Today I am looking at why I consider Lloyds Banking Group (LSE: LLOY) (NYSE: LYG.US) to be an exciting income selection.
Dividends expected to charge forth
Undoubtedly, Lloyds Banking Group is a very different institution to the bloated entity hollowed out by the 2008/2009 banking crisis. Indeed, the result of lower impairments, effective cost-cutting and surging activity on the UK high street allowed the firm to move back into the black for the first time in years during January-March, when the firm punched a pre-tax profit of £1.4bn.
As a result the resurgent bank is due to conduct discussions with the regulator in coming months over restarting dividend payments, a scenario which experts believe will yield fruitful results from this year onwards.
Indeed, Shore Capital points towards a maiden dividend of 1.5p per share during the second half of 2014, with the bank anticipated to build the full-year payout to a sturdy 3.5p in 2015. This projected hike drives the yield from 2% for 2014 to 4.6% for next year — by comparison, the entire banking sector carries a forward yield of just 2.9%.
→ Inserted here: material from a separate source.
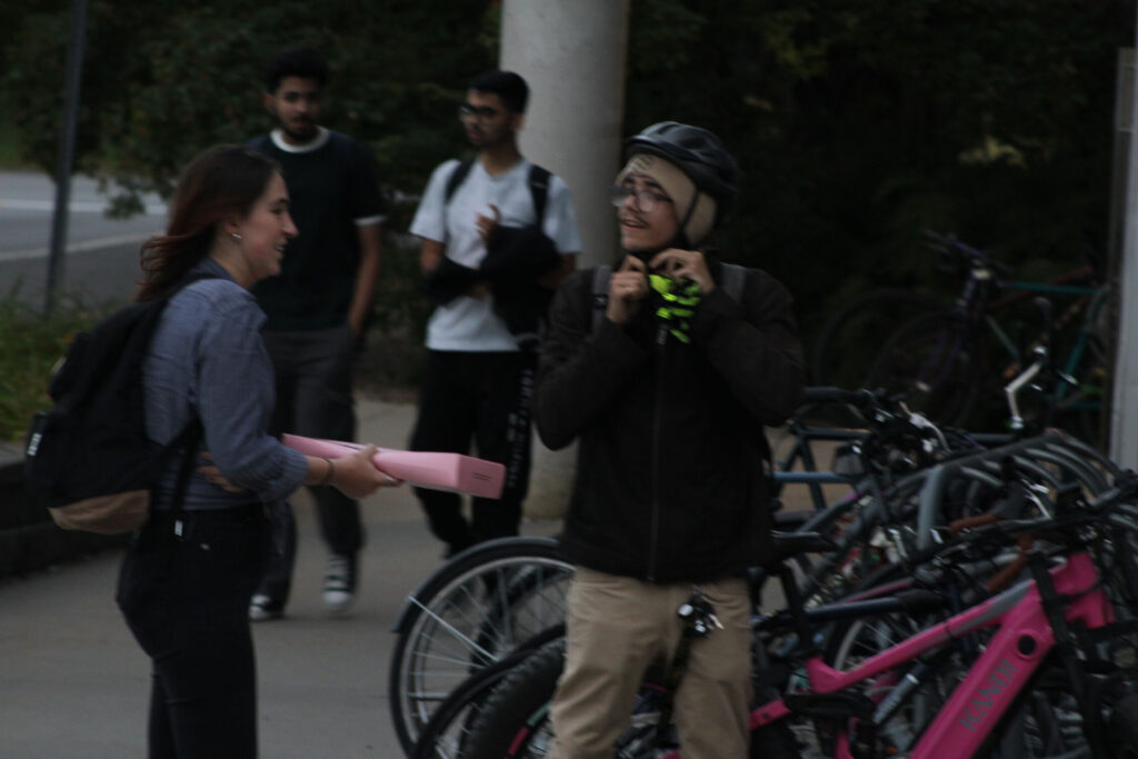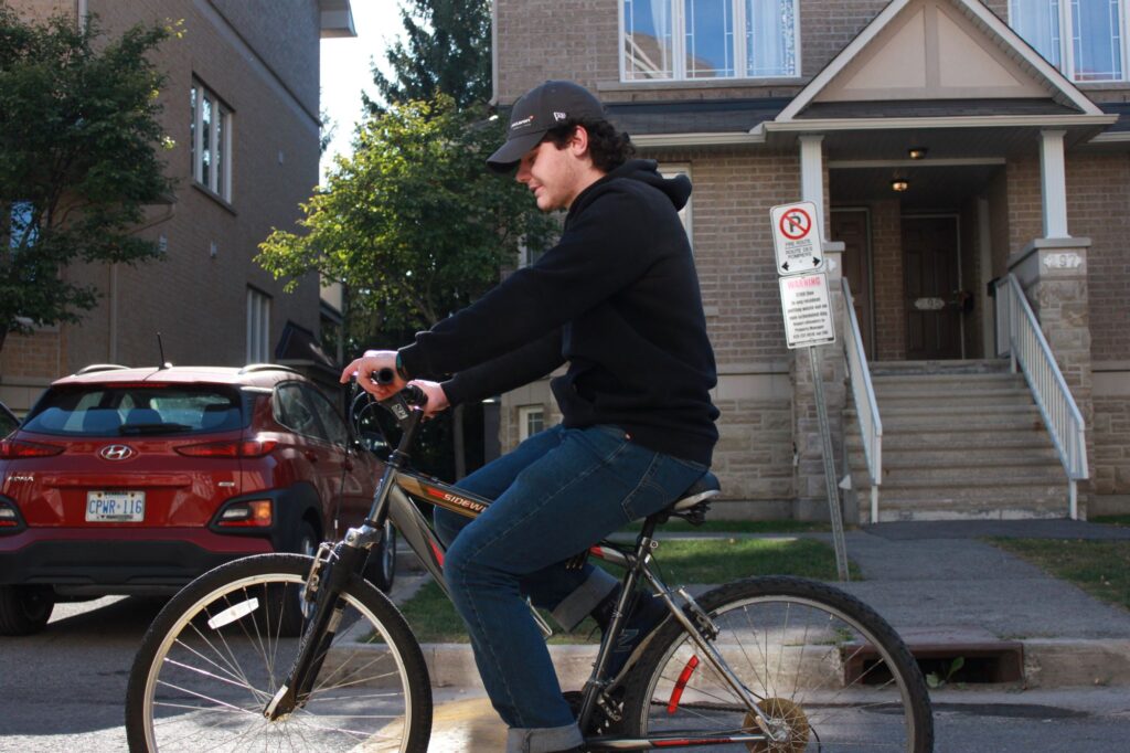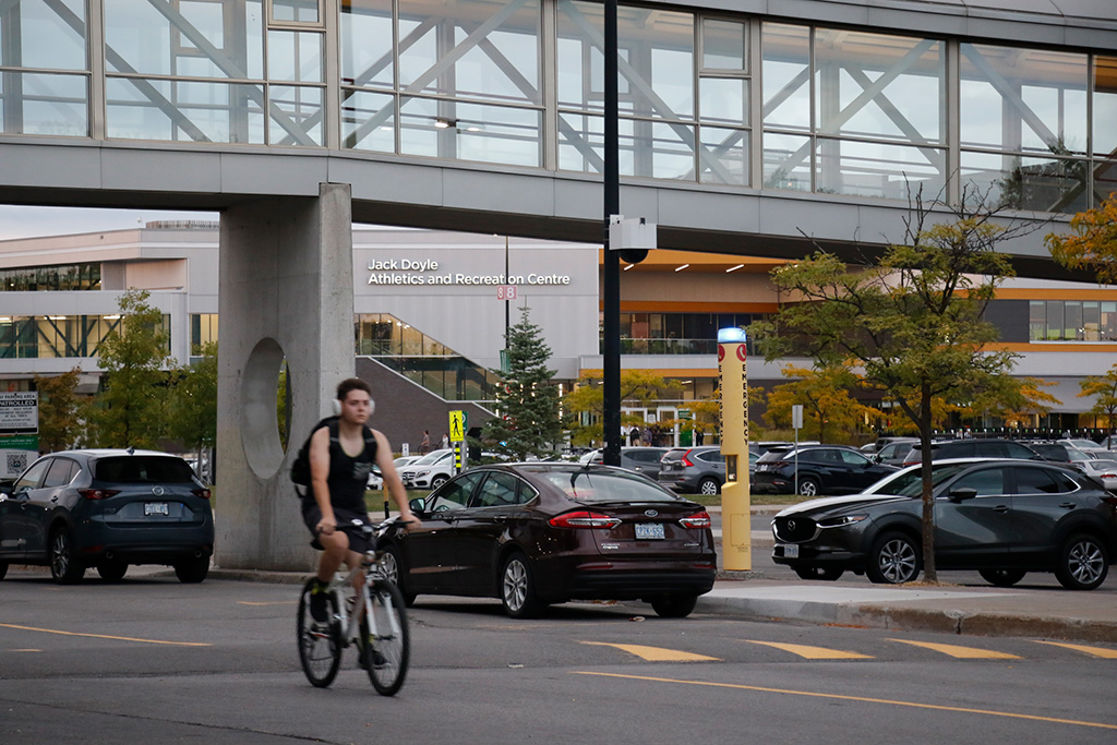 A bicyclist ride by the N-building at the Algonquin College Ottawa campus on Sept. 18. Medium shot

And analysts at Exane BNP Paribas are even more bullish about the firm’s dividend prospects next year, and expect the bank to shell out a terrific 5p per share payment. This projection creates a mind-boggling 6.8% dividend yield.
Broker consensus also suggests that prospective payments during the medium term are well protected by solid earnings growth. According to Shore Capital, Lloyds is anticipated to generate earnings of 7.3p and 8.3p per share in 2014 and 2015 correspondingly, figures which create dividend cover of 4.9 and 2.4 times prospective earnings. Any reading above 2 is widely considered very decent security.
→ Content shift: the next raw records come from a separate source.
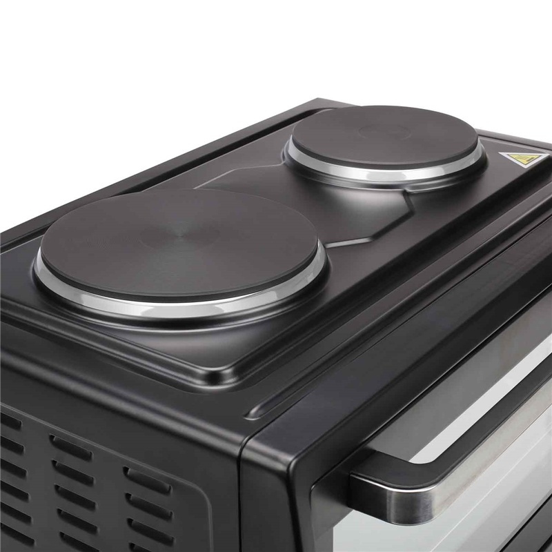 Unik kombination av en mycket stor ugn och 2 kokplattor 1000W + 600W. Ugnen har en kapacitet på 35L och är utrustad med övre och undre värmezoner. Försedd med en bakplåt, grillgaller och handtag. Perfekt minikök för varje hushåll. Ugnen är även utrustad med varmluft och belysning.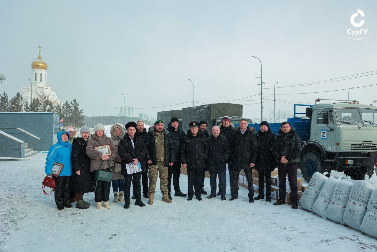Регулярно с площади СурГУ в зону специальной военной операции отправляются адресные конвои, которые формируются общественной организацией «Фонд Победы» совместно с региональным отделением общероссийского общественного движения «Народный фронт».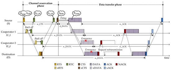 Figure 2 illustrates a basic UCMAC procedure with two cooperators ( and ) that are located between the source (S) and destination (D). UCMAC consists of two phases, channel reservation and data transfer. In the channel reservation phase, the source reserves the channel and identifies the cooperators through their control packet responses. In the data transfer phase, the source transmits a data packet (DATA) attaching a list of cooperators sequenced by closeness to the destination. Then, referring to the list, the destination requests retransmission of erroneous packets to cooperators in the closest-one-first manner. Meanwhile, the cooperators store the data packet (denoted by xDATA in Figure 2) that is overheard during the source’s transmission. The parameters carried by packets are denoted inside speech bubbles as shown in Figure 2 and the details along with time parameters like w_ACK and w_DATA are explained in the corresponding subsections. Table 1 defines some of the parameters in advance to make it easier to understand subsequent sections.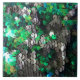 Este diseño está inspirado en las telas de secuencias que tengo en mi taller de arte y uso ocasionalmente de decorar artículos únicos para la moda. He escogido un aspecto de las secuencias de todo el mundo que puede ser llamativo pero que también tiene un estilo glamouroso elegante. Las secuencias son un tema clásico y los matices de los verdes vibrantes y los grises elegantes hacen que este producto sea atractivo y versátil en varias combinaciones. Las secuencias también son divertidas de usar en mezclas de estilos modernas.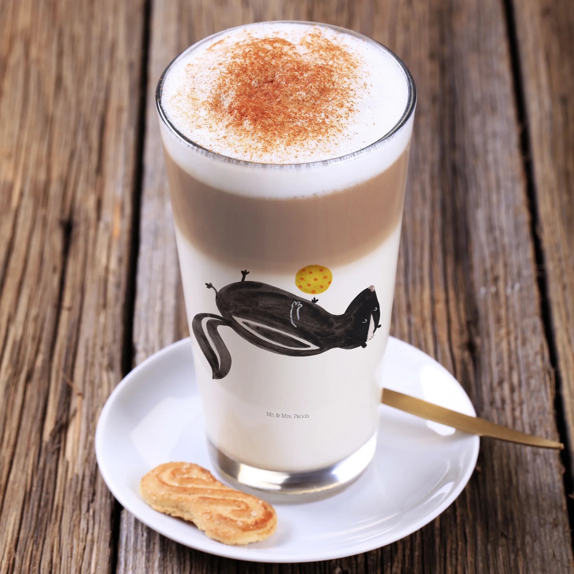 Das Cappuccino Glas mit dem niedlichen Stinktier Ball Motiv von Mr. & Mrs. Panda ist das perfekte Geschenk für jeden Anlass! Es ist nicht nur ein wunderschönes Trinkglas, sondern auch ein Stück Lebensfreude, das bei jeder Benutzung ein Lächeln auf dein Gesicht zaubert.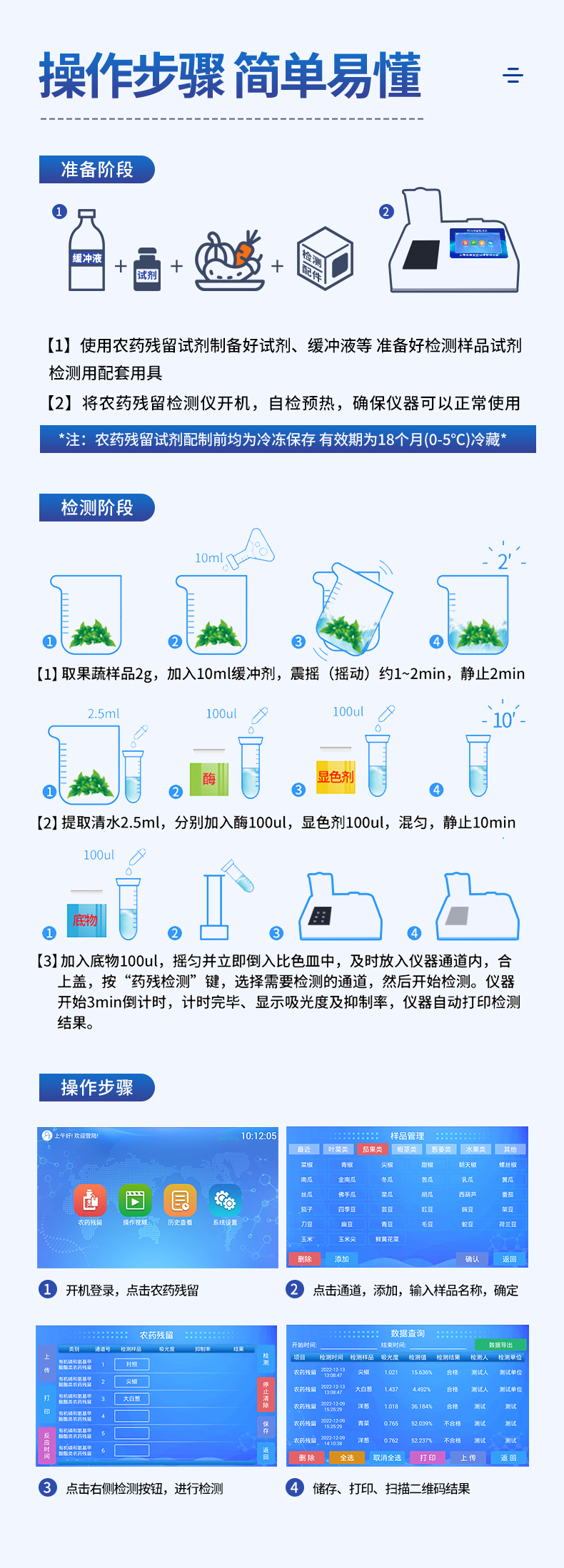 廣泛應用于主要用于蔬菜、水果、茶葉、糧食、農副產品等食品中有機磷和氨基甲酸酯類農藥殘留的快速檢測;此外還可用于果蔬茶生產基地和農貿批發銷售市場現場檢測,餐館、學校、食堂、家庭果蔬加工前的安全速測等。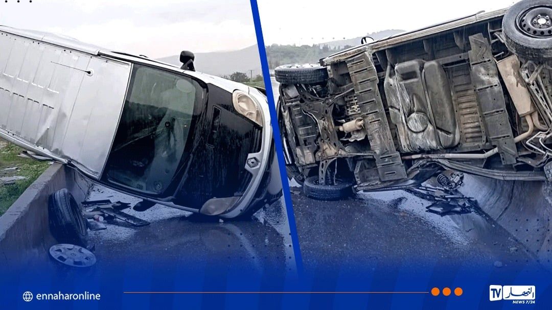 البويرة.. 4 جرحى في انحراف وانقلاب سيارة نفعية

Unlike many in the banking sector, Lloyds does not have to worry about the state of its capital reserves, a critical issue for dividend growth. The institution currently boasts a core tier 1 capital ratio around 10.7%, up from 10.3% as of the turn of the year, and is in great shape to keep this sailing comfortably above regulatory requirements.
And investor confidence should be buoyed further by the firm’s successful flotation of TSB Banking Group last month. Surging demand for the newly-listed entity prompted Lloyds to sell 35% of its stake, ahead of its initially-planned 25% holding and which in turn bolstered the bank’s coffers by an additional £455m.
Although Lloyds is still to receive formal approval to resume paying dividends, I believe that this authorisation is a mere formality given the company’s epic turnaround, and that investors can look forward to bumper payouts sooner rather than later.